I truly believe there are serious problems in DNA diagnostics that are associated with patent rights, especially when those rights have been exclusively licensed to a single provider. But if legal doctrines of patentability were properly applied to gene patents in light of how diagnostics work in the real world, monopoly business models would not be possible.


DNA Patents Are Not the Problem, but Unduly Broad Claims

One virtue of gene patents in diagnostics is that they reward inventors and their institutions for some of the value they confer through their discoveries. I believe the Universities of Michigan and Toronto deserve the royalties they have earned from uncovering the cystic fibrosis gene, for example-and other universities and inventors who found mutations later have also earned royalties from CF testing. Moreover, if the CFTR gene had proven useful for gene therapy, it is hard to see how it would have been developed into a therapeutic without exclusive patent rights in the gene. So it was right to patent the CFTR gene, and Michigan has licensed it for diagnostics in a way that has not hindered innovation or clinical access.

My view of the problem with the BRCA story is not that patents are the root of the problem, but that unduly broad claims were sought and granted, and then Myriad pursued a monopoly business model enabled by those mistakes.

Rather than proscribe DNA patents, it seems wiser to allow them, but restrict their scope by applying criteria for patentability. This would reward universities, companies, and inventors with royalties they justly earn through their valuable contributions, but not more than what they disclose and deserve. Allowing DNA claims that meet criteria for patentability would also preserve the exclusive patent rights that may prove important in developing therapeutic molecules based on DNA that will be expensive to prove safe and effective in clinical studies.
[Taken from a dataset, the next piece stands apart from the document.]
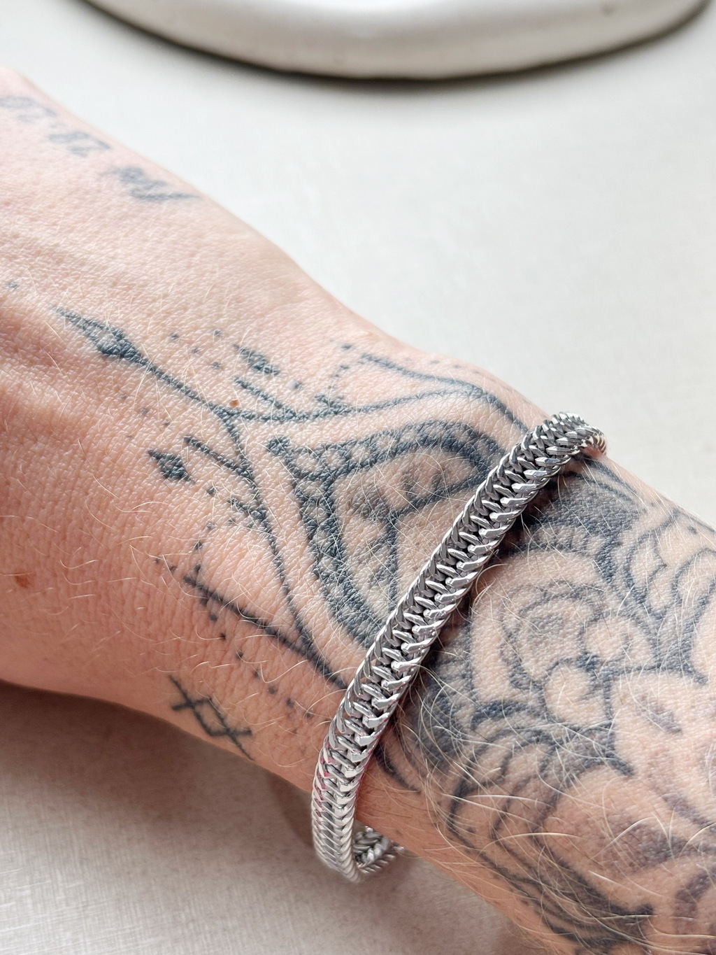 Pulseira esteira trançada em prata legítima 925, perfeita para compor um visual autêntico e cheio de personalidade.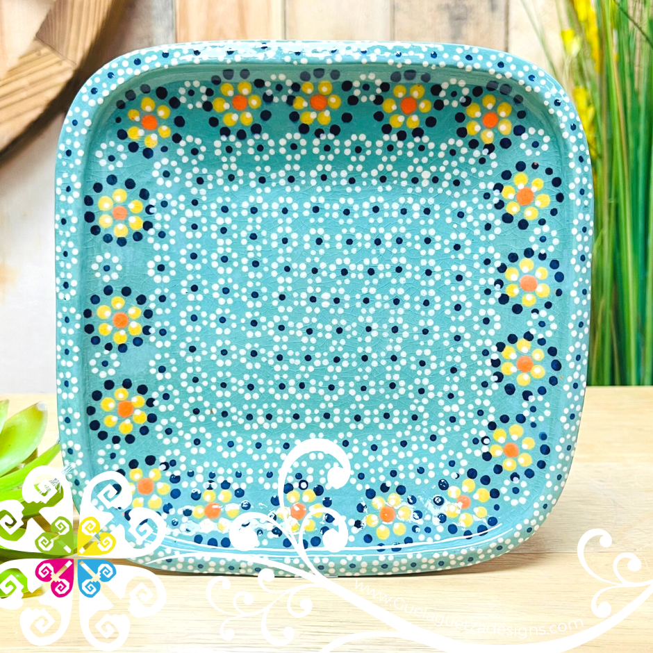 Beautiful clay plat created using ancient process by Mexican artisans from Capula, Michoacán, Mexico. Each design is crafted by hand by Family Glez Ayala with love and passion. Perfect for decoration or to serve your favorite appetizers!

Judge Sweet and the Department of Justice have done a great service by forcing a reexamination of patent policy as it pertains to DNA diagnostics. I am sympathetic to their goals, but their means are unduly broad.

Professor Holman and I thus agree that it is a mistake to stipulate that DNA is not patentable subject matter as a matter of law. It would be far better to admit DNA molecules to patent eligibility, but let the other doctrines of patent law do their work. By narrowing patent scope, we should get the same result in diagnostics, but without the collateral damage to DNA patents that may be therapeutically useful.                    


Robert Cook-Deegan, MD, is Director of the Center for Genome Ethics, Law and Policy at the Institute for Genome Sciences & Policy, Duke University.